I asked this exact question to our viewers on UMD Media: If there were to be a war, should the interim government and the military—the army—stand with Ethiopia, with Eritrea, or remain neutral? The fifth option was: I don’t know. So far, as I speak to you—just 18 hours since the poll was posted—521 people have voted. And what I see is: out of these 521 people, 57 percent say Tigray should remain neutral. Those who say it should stand with Ethiopia against Eritrea are 27 percent. Those who say it should stand with Eritrea against Ethiopia are 11 percent, and only five percent say they don’t know.

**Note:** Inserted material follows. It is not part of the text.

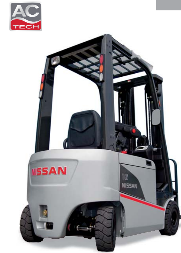
Serie TX4 48 volt 1.6 - 2.0 tonnellate, AC
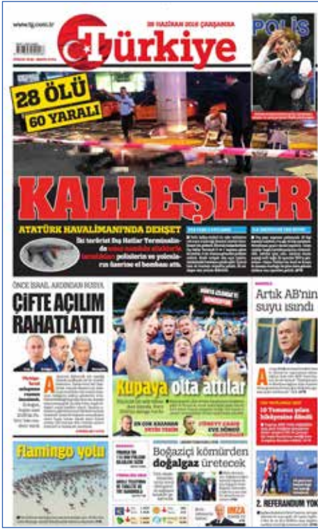
Resim 67, Türkiye, 29 Haziran 2016

What’s interesting for me is that on social media, there are, as I mentioned, some factions—especially among media operatives—advocating for siding with Eritrea. But you can see that in this vote, more than double—27 percent—say no, we should stand with Ethiopia. That’s an interesting dynamic.

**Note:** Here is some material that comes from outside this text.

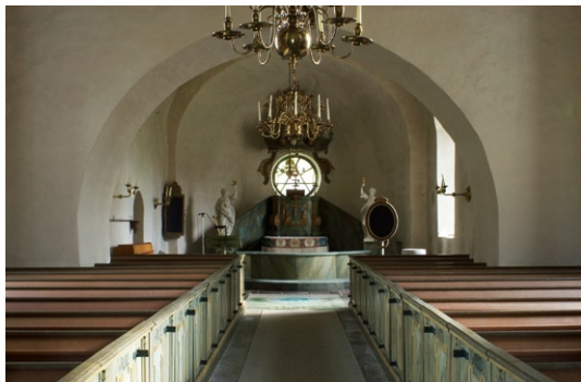
Interiör mot öst.

Koret täcks av ett tunnvalv och absiden av ett hjälmvalv slagna under romansk tid. Långhuset är välvt med två kryssvalv , sexdelade ribbvalv , med djupa kappor, slagna av tegel under senmedeltid. Innan valvslagningen bar långhuset ett platt trätak, vilket framgår av spår på den gamla takstolen, synlig ovan valven. Väggar och valv i långhuset , kor och absid är vitputsade. Golvet i långhuset är lagt med kvadratisk plansten förutom i bänkkvarteren som är lagt med brädgolv. Koret är lagt med kalkstenshällar från 1600- och 1700-talen. Under 1400-talet målades interiören med kalkmålningar som troligen överkalkades under 1700-talet. Åter framtagna målningar är bevarade i större omfattning endast i

Because, for me, staying neutral—I’m not sure how Tigray can actually do that. I’m sure both sides, especially the Eritrean regime, would want the war to be fought on Tigray’s soil, not Eritrea’s. That’s why they are clearly engaging in PR and other efforts—because they want the war to happen in Tigray. As Getachew Reda recently mentioned on UMD Media, Eritrea sees Tigray as a ‘strategic depth’ for their defense—from, or against, Ethiopia.
You once indicated that it was preferable to fight against “Shabia” (Eritrean regime) rather than Ethiopia. What is your current position on this comparison?

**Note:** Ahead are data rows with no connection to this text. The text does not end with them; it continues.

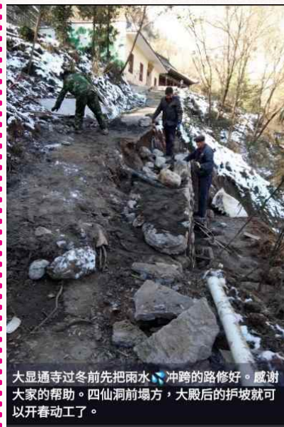
大显通寺过冬前先把雨水冲刷的路修好。感谢大家的帮助。四仙洞前塌方，大殿后的护坡就可以开春动工了。

二零二一年冬，大顯通寺給近三個月不斷的雨水灌洗濯使寺院旁的山體滑坡，阻塞道路，大殿前方下陷，水管破裂。最為嚴重的是千年四仙洞前塌方，令人心痛！現在要清理道路，四仙洞和大殿需要護坡。
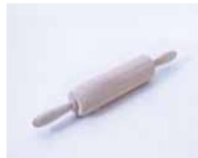
Art.Nr. 491597 Teigroller Buche, 23x6 cm € 5,99
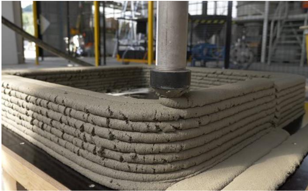
Figure 1: Technique d'impression 3D du béton par extrusion/dépôt.
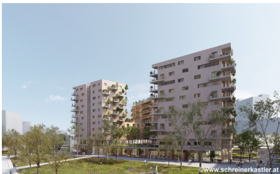
Stand: 08/2021 / Änderungen vorbehalten
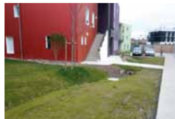
RÉCUPÉRATION ET GESTION DE L'EAU

It’s the same. I mean, like I said in that interview, my stance is clear—as I’ve said before—not just for our region but for anyone, anywhere in the world. I don’t, and I have never, advocated for war. I will never advocate for war.
My preference would be for all efforts—by everyone—to go toward avoiding war. But if it has to happen, if Tigray is forced to make a choice or take a position, then of course, Shabia should be dismantled. And that’s not only for the sake of Tigray or Ethiopia—but also for the sake of the Eritrean civilian population.
Given the federal government’s centralization efforts and Tigray’s historical autonomy demands, what are the likely scenarios for Tigray’s political and economic future?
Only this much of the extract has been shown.